First, let's see how to configure RPS. If the number of CPU is 8, you can set it to ff:

Shell > echo ff > / sys/class/net/eth0/queues/rx-0/rps_cpus

Then configure the kernel parameter rps_sock_flow_entries (recommended by the official document: 32768):

Shell > sysctl net.core.rps_sock_flow_entries=32768

* configure rps_flow_cnt. If you have a single queue ENI, you can set it to rps_sock_flow_entries:

Echo 32768 > / sys/class/net/eth0/queues/rx-0/rps_flow_cnt

Note: if it is a multi-queue Nic, then set it to rps_sock_flow_entries / N according to the number of queues.

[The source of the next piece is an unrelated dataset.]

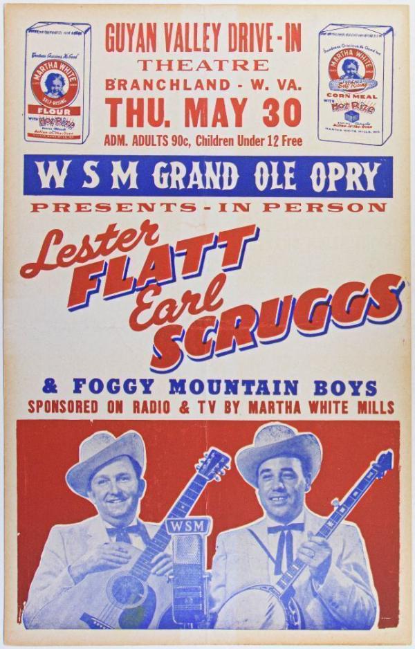 1957 Lester Flatt & Earl Scruggs Guyan Valley Drive-In Theatre West Virginia Hatch Cardboard Poster Excellent 75

After making the above optimization, we run the "top" command to see that the soft interrupt has been dispersed into two CPU:

Shell > topCpu0: 24.8%us, 9.7%sy, 0.0%ni, 52.2%id,... 11.5%si, 1.8%stCpu1: 8.8%us, 5.1%sy, 0.0%ni, 76.5%id,... 7.4%si, 2.2%stCpu2: 17.6%us, 5.1%sy, 0.0%ni, 75.7%id,... 0.7%si 0.7%stCpu3: 11.9%us, 7.0%sy, 0.0%ni, 80.4%id,... 0.7%si, 0.0%stCpu4: 15.4%us, 6.6%sy, 0.0%ni, 75.7%id,... 1.5%si, 0.7%stCpu5: 20.6%us, 6.9%sy, 0.0%ni, 70.2%id,... 1.5%si 0.8%stCpu6: 12.9%us, 5.7%sy, 0.0%ni, 80.0%id,... 0.7%si, 0.7%stCpu7: 15.9%us, 5.1%sy, 0.0%ni, 77.5%id,... 0.7%si, 0.7%st

Doubt: in theory, I have set RPS to ff, so all 8 CPU should share soft interrupts, but there are only two actual results. Please let me know if you know why, but anyway, two is better than one.

In addition, because this is a Nginx server, you can configure which CPU Nginx uses with the "worker_cpu_affinity" command, so that we can bypass the high load of CPU, which can be of some help to performance.

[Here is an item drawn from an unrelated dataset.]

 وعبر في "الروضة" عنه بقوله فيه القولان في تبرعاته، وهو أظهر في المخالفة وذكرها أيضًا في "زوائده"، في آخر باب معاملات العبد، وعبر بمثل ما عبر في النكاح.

Add: if the server is NUMA architecture, then "numactl-cpubind" may also be useful.

At this point, the study on "how to solve the problem of high soft interrupt on Nginx server" is over. I hope to be able to solve your doubts. The collocation of theory and practice can better help you learn, go and try it! If you want to continue to learn more related knowledge, please continue to follow the website, the editor will continue to work hard to bring you more practical articles!

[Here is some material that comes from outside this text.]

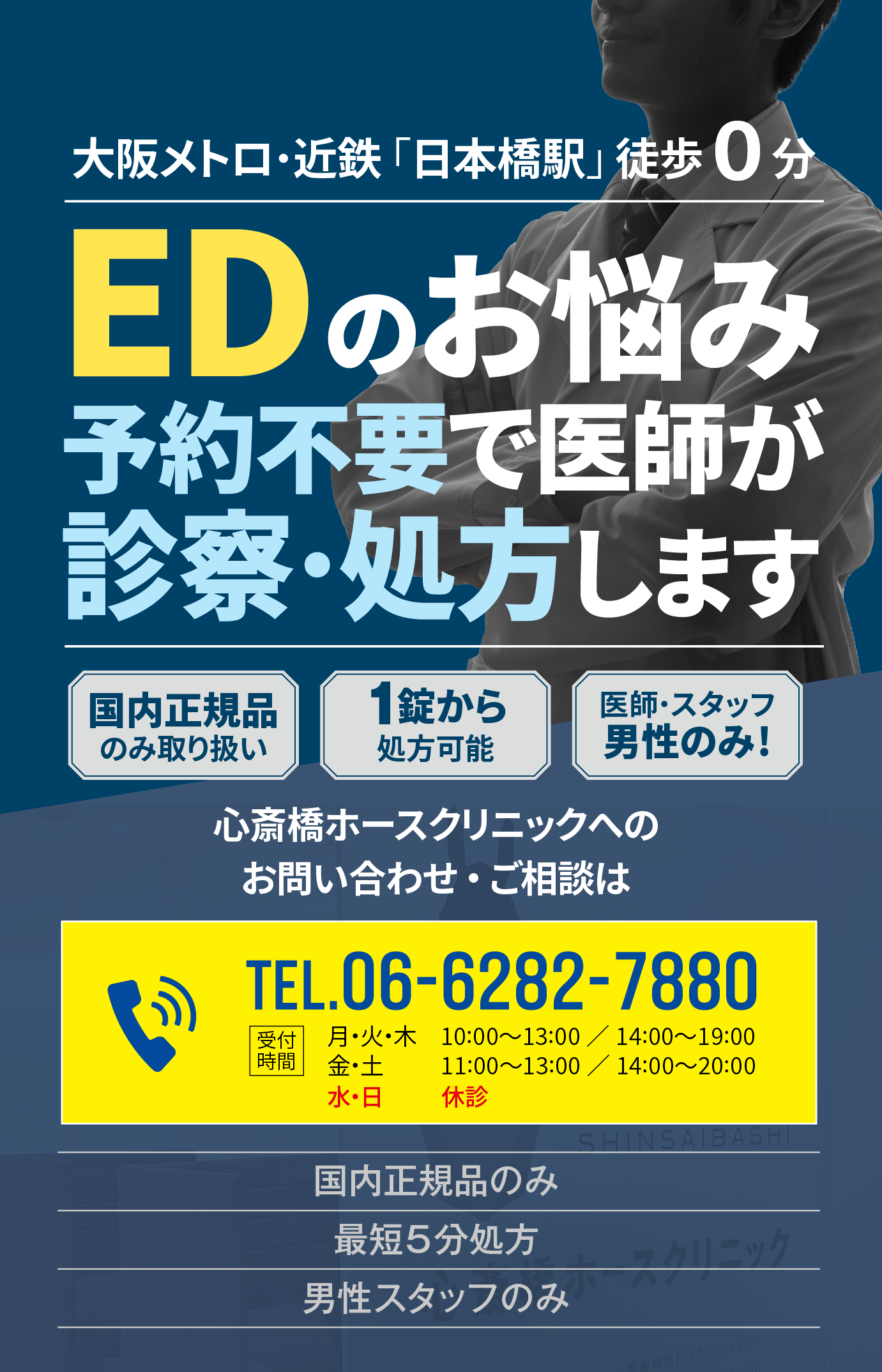 EDのデリケートなお悩みに寄り添えるように駅から近く利便性のいい立地に、男性スタッフのみで開院させていただきました。

Welcome to subscribe "Shulou Technology Information " to get latest news, interesting things and hot topics in the IT industry, and controls the hottest and latest Internet news, technology news and IT industry trends.

*The comments in the above article only represent the author's personal views and do not represent the views and positions of this website. If you have more insights, please feel free to contribute and share.